Возникает вопрос, почему такая направляемая или контролируемая экономика, почему такое «планирование», если мы можем использовать это слово, не выполнялось при демократических условиях и демократическими методами. Причины отказа от демократического планирования и коллективизма в Германии, кажется, являются и экономическими, и политическими. «Планирование» становится необходимым (это также указано в цитате выше), потому что промышленность отказывается делать новые инвестиции, которые требуют огромного капитала и которые, кроме того, чрезвычайно рискованны. Предполагаемые риски являются двоякими: политическая неопределенность, которая приводит к экономической неопределенности, и экономическая депрессия, которая ведет к распаду политической демократии.
Парламентская система может в любое время породить силы, враждебные монополистам, которые постоянно находятся под угрозой тяжелых налогов, прежде всего налогов на нераспределенную прибыль, утраты системы покровительства, «потери доверия», возможности трудовых споров. Все это приводит к хорошо известной «забастовке инвесторов», к отказу расширять предприятие, потому что политическая неопределенность может подвергнуть опасности возврат инвестиций. Политическая неопределенность порождает экономическую нестабильность. Если государство не имеет полного контроля над деньгами, кредитом и внешней торговлей, то деловой цикл не может быть стабилизирован. Спад привел бы к краху переполненной капиталом монополистической структуры.

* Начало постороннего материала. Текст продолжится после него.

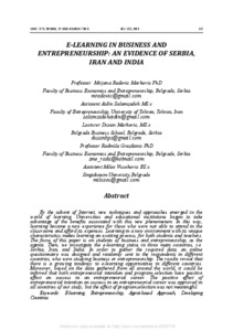 Radović-Marković, Mirjana and Salamzadeh, Aidin and Marković, Dušan and Grozdanić, Radmila and Vučeković, Miloš (2012) E-learning in business and entrepreneurship: an evidence of Serbia, Iran and India. In: 1st International Conferenc Employment, Education and Enterpreneurship. Faculty of Business Economics and Enterpreneurship, Belgrade, pp. 13-31. ISBN 978-86-6069-082-3

В этих условиях координация государством всех мер регламентации кажется неизбежной и необходимой.
Здесь существовала, конечно, абстрактная возможность поручить такую координацию парламенту. Немецкие профсоюзы предлагали много таких планов; французский Народный фронт и бельгийская трудовая партия разрабатывали сходные планы, а Новый курс Рузвельта частично их выполнил. Все европейские попытки завершились неудачей, а Новый курс Рузвельта частично преуспел, потому что страна была богатой, и ее резервы, выявленные лишь частично, были неисчерпаемы.
Демократическое планирование потерпело неудачу, потому что демократическое планирование должно удовлетворять потребности широких масс, и именно по этой причине демократия обязана заниматься планированием. Удовлетворить требования широких масс означает, однако, расширить или по крайней мере сохранить промышленность потребительских товаров; это неизбежно ограничивает прибыль тяжелой промышленности. Кроме того, динамика демократии такова, что одно достижение масс приводит к дальнейшим требованиям. Один пример: при демократических условиях такой сверхреакционный промышленный консерватор, как Крупп, никогда не предоставлял бы своим рабочим те уступки, которых они требовали. Они покушались бы на само его право быть хозяином в собственном доме. Таким образом, они, поскольку он боялся, переходили бы ко все более и более опасным требованиям. При тоталитарных условиях он без колебаний будет выполнять некоторые требования, потому что демократический механизм перестал функционировать.
Демократическое планирование должно координировать множество частных интересов, торговлю и ремесло, интересы мелких, средних и крупных бизнесменов, интересы крестьян, государственных служащих, рабочих. Демократия не может просто уничтожить, «причесать» неэффективного производителя и торговца. Она не может порабощать рабочих. Она не может просто перевести средний класс в пролетариат; это просто усилило бы антидемократические тенденции и способствовало бы подъему фашизма.
Демократическое планирование также расширяет власть государства; она добавляет монополию экономического принуждения к монополии политического принуждения. Чем более сильным становится инструмент, тем более он драгоценен. Монополисты могли опасаться, что, если бы демократические группы управляли государством, они стремились бы увеличить благосостояние масс и сократить прибыль монополий.
В случае Германии были и дополнительные причины: банкротство ведущих политических партий, социал-демократов и профсоюзов, которые отличались трусостью, их возглавляли некомпетентные лидеры, и они предпочли сложить полномочия, а не бороться. Мы должны помнить, что партия католического центра, никогда не являвшаяся однородной, обнаружила в 1930 г., что у нее было как реакционное крыло, так и демократическое; что политический либерализм в Германии умер много лет назад; что коммунистическая партия, со своим некомпетентным руководством, колебалась между диктатурой пролетариата, революционным синдикализмом и национал-большевизмом, и таким образом ослабляла рабочий класс. Также важно, что армия, судебная власть и чиновничество организовали контрреволюцию в тот самый день, в который вспыхнула революция 1918 г.